Think of the Children. Kerry Wilkinson. Pan Books (2013)

An enjoyable crime story, the plot is clever and well structured, the story telling does not quite engage the reader with the cast. A fatal car crash reveals the body of a missing child in the boot of the car and a map to to location where items from a much older and colder missing child case are found. The investigation uncovers a list of names of children and then another child goes missing and the investigation becomes a race against time. The story unfolds very well, the reveals are cleverly staged and the plot threads are very smartly handled. The resolution is satisfying bitter and complete.
The plot mechanics that drive the story are excellent, the various elements of the story overlap and interact in an effective way. The investigation is competent and the the flow of the action is thoughtful and considered. The problem with the book is the cast, in particular the lead character, Detective Sergent  Jessica Daniel. While it is a relief that she is not a maladjusted gargoyle with a substance abuse problem in continual conflict with her, remarkably stupid, superiors, she is also not engaging either. This is not for want of trying, DS Daniel is given plenty of time and scope to make her mark on the story and an effort is made to give her an extended life beyond her job as well as to be effective within it.
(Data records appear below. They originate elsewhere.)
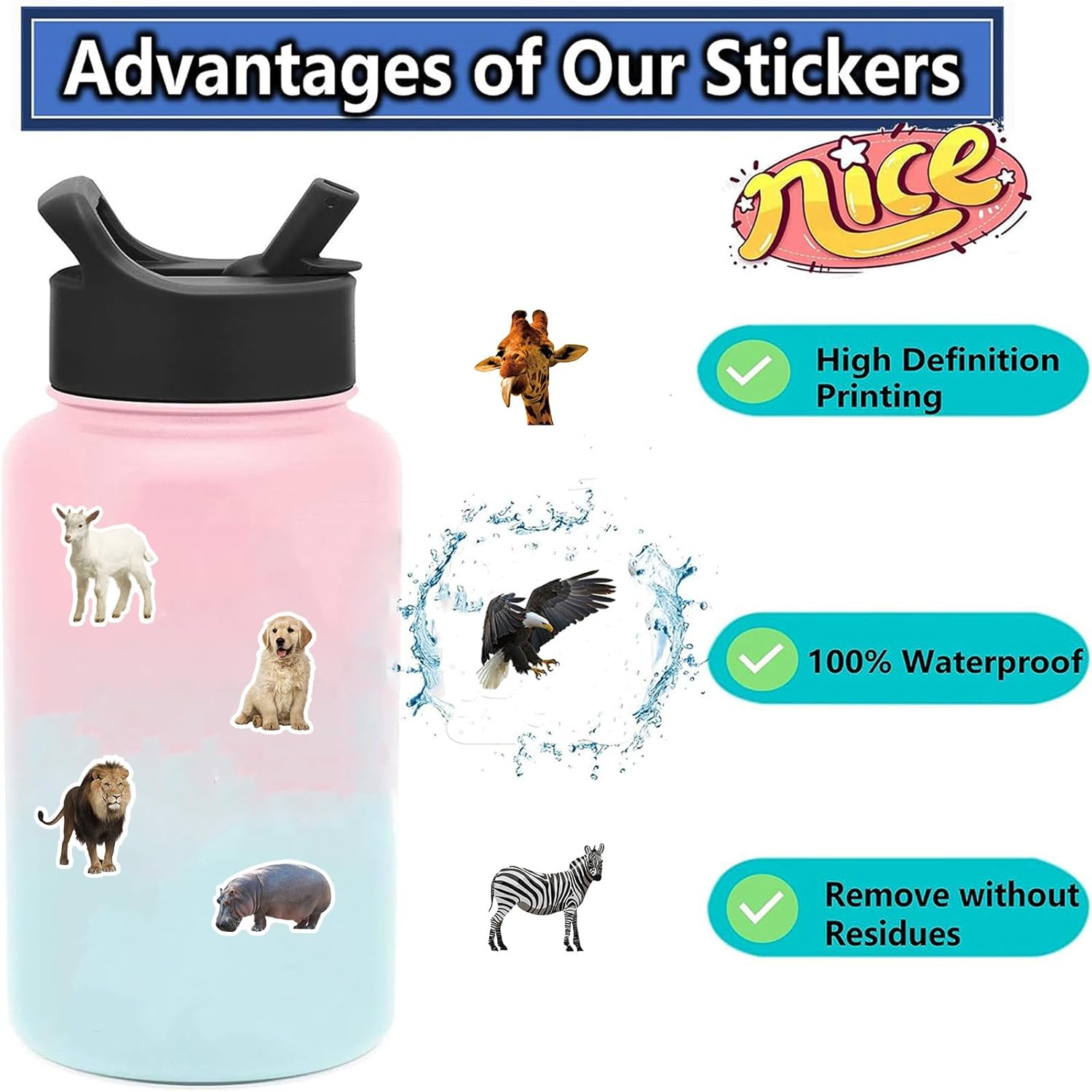 What You Get: The packaging contains 200pcs real animal stickers for kids, measuring around 2.0-3.5 inches with irregular patterns which are were clear and well printed,colorful and vivid.These water bottle stickers are self-adhesive and very adorable.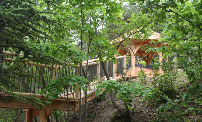 La Cabane d'Eglantine se sentait un peu seule perchée sur son vieux chêne... Cette année, la cabane de Léna s’est octroyé une place de choix à quelques mètres de sa cousine. Elle ne manque pas d’arguments avec ses 2 étages, sont confort sans pareil, et sa passerelle qui mène à sont jacuzzi.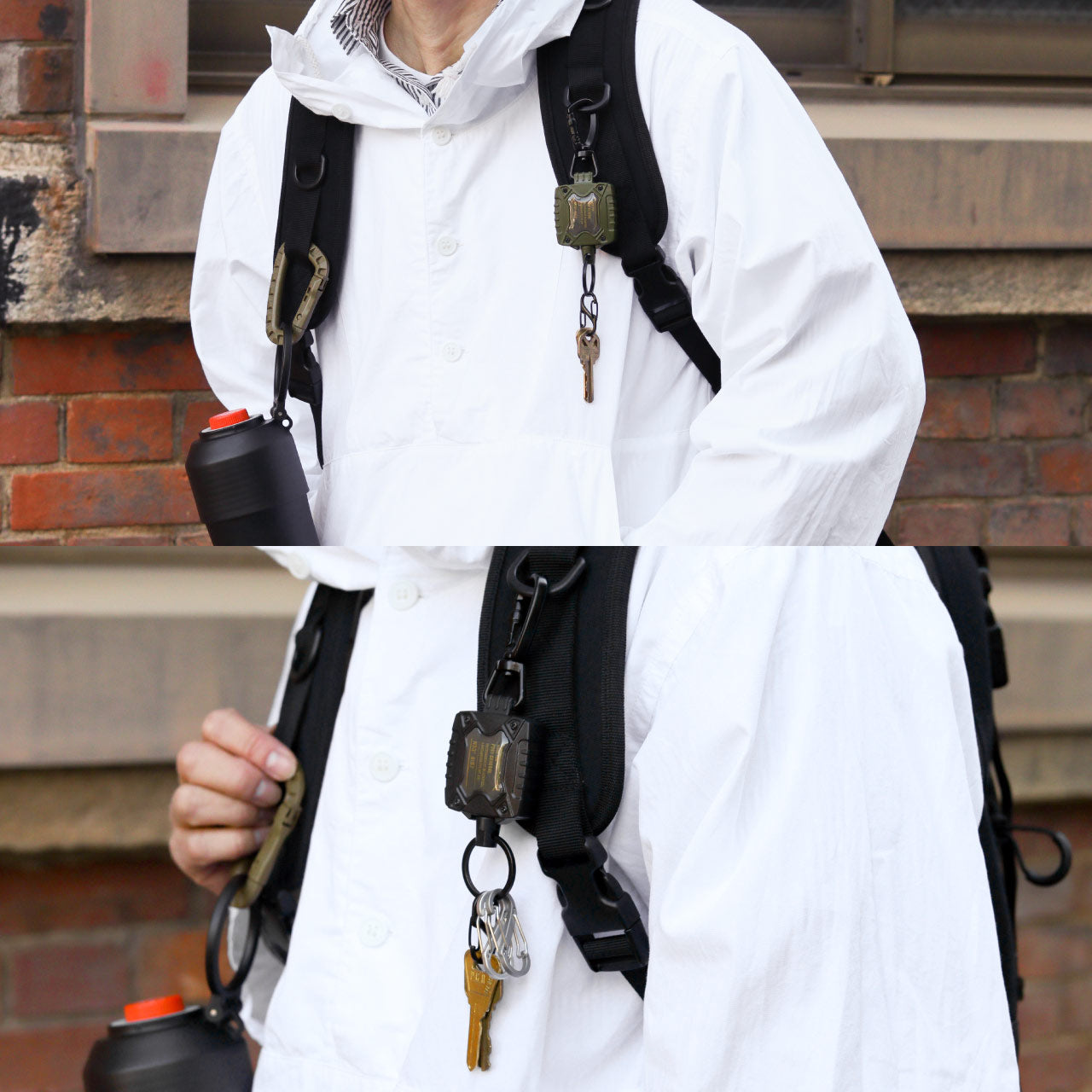 カラビナ式でリュックやバッグ・ベルトプループに簡単に取り付け可能。

She simply does not transfer well off the page to inhabit the reader's imagination, she remains too attached to the plot.
It is the supporting cast that performs the best, the range of civilians caught up in the events that are swirling around them. Kerry Wilkinson has a gift to bring a character to life in a short space and give then credible, scruffy presence and weight. It may be because they are involved in greater extremes of emotion or action that they glow more brightly than the central players. A effort may have been made to present them as more balanced and that has served to dampen them down a bit. If Kerry Wilkinson was a bit more theatrical with his cast the book would lift more.
The plot has a very nice slice of restrained melodrama in it, the central cast could have benefited from a little less restraint and a little more melodrama to match it.